While skimming his phone directory in 1982, Albert Wilansky, a mathematician of Lehigh University,noticed that the telephone number of his brother-in-law H. Smith had the following peculiar property: The sum of the digits of that number was equal to the sum of the digits of the prime factors of that number. Got it? Smith's telephone number was 493-7775. This number can be written as the product of its prime factors in the following way:
4937775= 3*5*5*65837
The sum of all digits of the telephone number is 4+9+3+7+7+7+5= 42,and the sum of the digits of its prime factors is equally 3+5+5+6+5+8+3+7=42. Wilansky was so amazed by his discovery that he named this kind of numbers after his brother-in-law: Smith numbers.
As this observation is also true for every prime number, Wilansky decided later that a (simple and unsophisticated) prime number is not worth being a Smith number, so he excluded them from the definition.
Wilansky published an article about Smith numbers in the Two Year College Mathematics Journal and was able to present a whole collection of different Smith numbers: For example, 9985 is a Smith number and so is 6036. However,Wilansky was not able to find a Smith number that was larger than the telephone number of his brother-in-law.
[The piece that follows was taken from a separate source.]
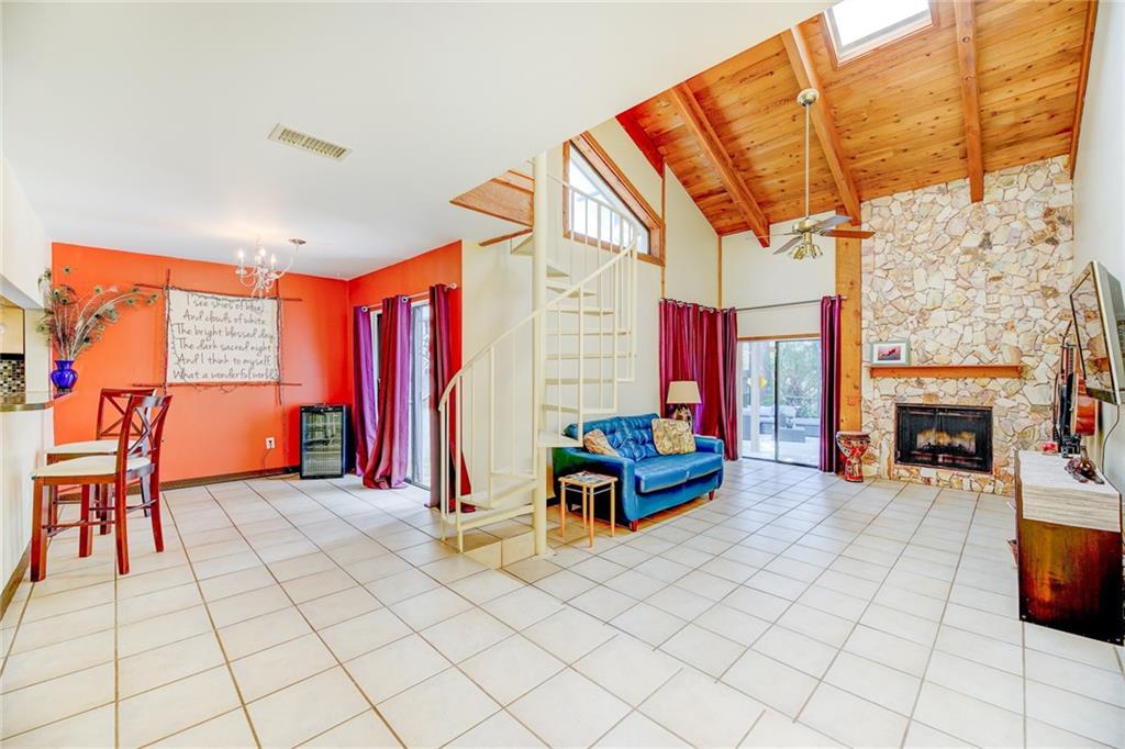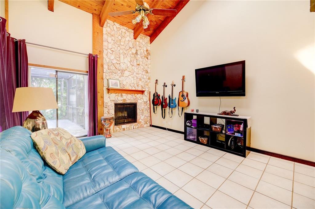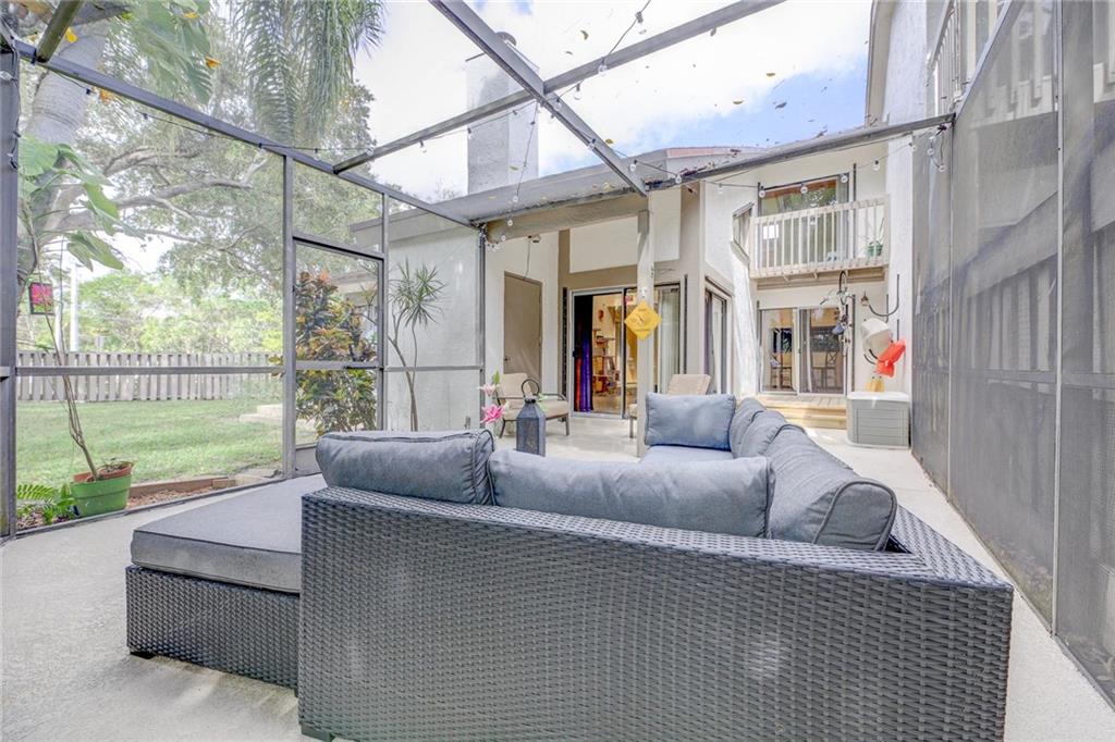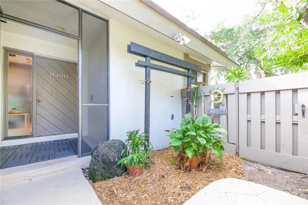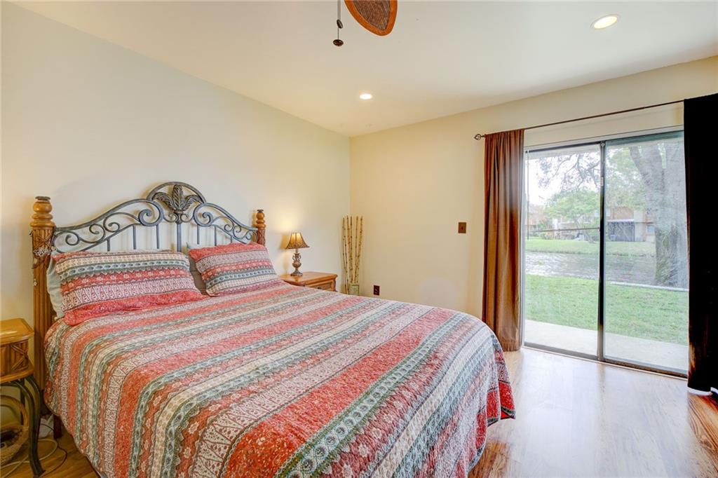 Rare opportunity for a 2 bedroom, 2 bath townhouse with a large, private yard on a lake! Orchids galore! Enjoy the outdoors from your large, screened patio off the living and dining rooms or from the open patio off the master bedroom. Inside is unique and special with natural wood, vaulted ceilings with skylights and a natural stone wall with fireplace. A spiral staircase takes you to a private loft overlooking the living room. Water views everywhere--from living room, dining room, kitchen, master bedroom, and from balcony off the loft. The kitchen and master bathroom are beautifully updated. Tile floors with laminate in bedrooms and loft. Private entry with rich foliage. Pet friendly. Kayakers delight! VA-approved condo or conventional financing with minimum 25% down. Central Park nearby.

It is your task to find Smith numbers that are larger than 4937775!

Input

The input file consists of a sequence of positive integers, one integer per line. Each integer will have at most 8 digits. The input is terminated by a line containing the number 0.

Output

For every number n > 0 in the input, you are to compute the smallest Smith number which is larger than n,and print it on a line by itself. You can assume that such a number exists.

Sample Input

4937774
0

Sample Output

4937775

#include <iostream>
using namespace std; 

int sumOfDigits (int n){
    int sum = 0;
    while(n){
        sum += n % 10;
        n = n/10; 
    }
    return sum;
}


int isprime(int n){
    for(int i = 2;i * i <= n ;i++)
        if(n % i == 0)
            return 0;
    return 1;
}

int sumOfPrime(int n){
    int sum = 0,i = 2;  
    while(1){
        if(n % i == 0){
            sum += sumOfDigits(i);
            n = n / i;
            if(isprime(n))
                break;
        }else{
            i++;
        }
    }
    return sum += sumOfDigits(n);
}

int main()  
{  
    int n;
    while(cin >> n && n){
        while(1){
            n++;
            if(!isprime(n)){
                if(sumOfDigits(n) == sumOfPrime(n)){
                    cout << n << endl;
                    break;
                }
            }
        }
    }
    return 0;  
}  
附上质因数分解的程序(用递归解决)
#include <iostream>
using namespace std;
int isPrime(int n)
{
	for(int i = 2;i * i <= n;i++)
		if(n % i == 0)
			return 0;
	return 1;
}

void  prime(int n)
{
	if(isPrime(n)){
		cout << n << endl;
		return;
	}
	int i = 2;
     while(1){
	    if(n % i ==0){
          cout << i << "*";
		  prime(n / i);
		  break;
		}
		i++;
	 }
}
	
int main()
{
	int n;
	while(cin >> n){
		prime(n);
	}
	return 0;
}